Andrew Struck, the county’s director of planning and development, said these conditions are requirements of the grants that have been obtained to ensure the restoration and public access are guaranteed in perpetuity.

Jon Crain, the city’s superintendent of parks and forestry, told the board that the county’s plans for Oakland Green Park “aligns perfectly with what we have plans for.”

“I think Ozaukee County is more fit and able to get it where we want it to be,” he said, noting that the city’s parks plan calls for more native habitat and less turf in the park.

Vanden Noven noted that the city doesn’t have the manpower or grant expertise that the county does to make the project happen.

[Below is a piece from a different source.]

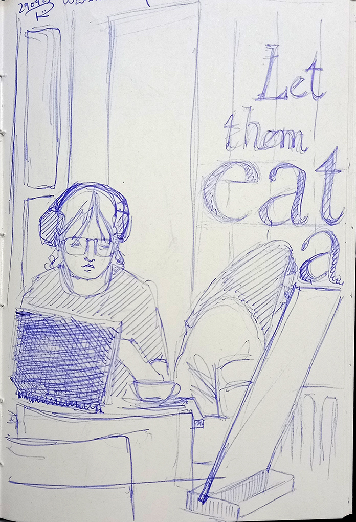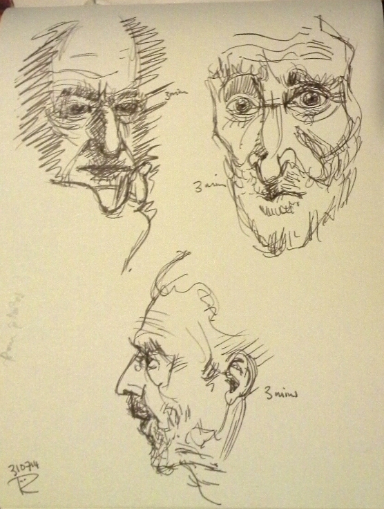 July 2014 wasn’t just a month of time spent on Swansea Beach. I also managed to scribble quite a few heads into my sketchbook. I never go back to these and use them in another way. I don’t know why not, other artists use their sketchbook drawings for new work. Maybe it’s something I should think about.
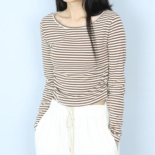 [엄지척]스트라이프 크롭 긴팔 티셔츠 밑단 소매 골지_19682070_667501

“It’s a good time for them to request this,” he said.

But Board Chairman Jason Wittek asked if neighbors would have concerns, noting that when officials considered using the park as a location for the community garden, several had issues with the idea.

Struck said the county has discussed its plans with neighbors, who have agreed to allow the county access for its project.

And Crain noted that the park is “lightly used” and would benefit from the changes.

But Ald. Mike Gasper, a member of the board, questioned whether the city can hand the deed over to the county or make changes to the park. The land was donated by We Energies, and there may be restrictions tied to that, he said.

The county doesn’t need the deed to the land, Struck said, noting a conservation easement would do. This would ensure public access to the park, he said, even as the county and city “do what we can to make Mineral Springs Creek sustainable.”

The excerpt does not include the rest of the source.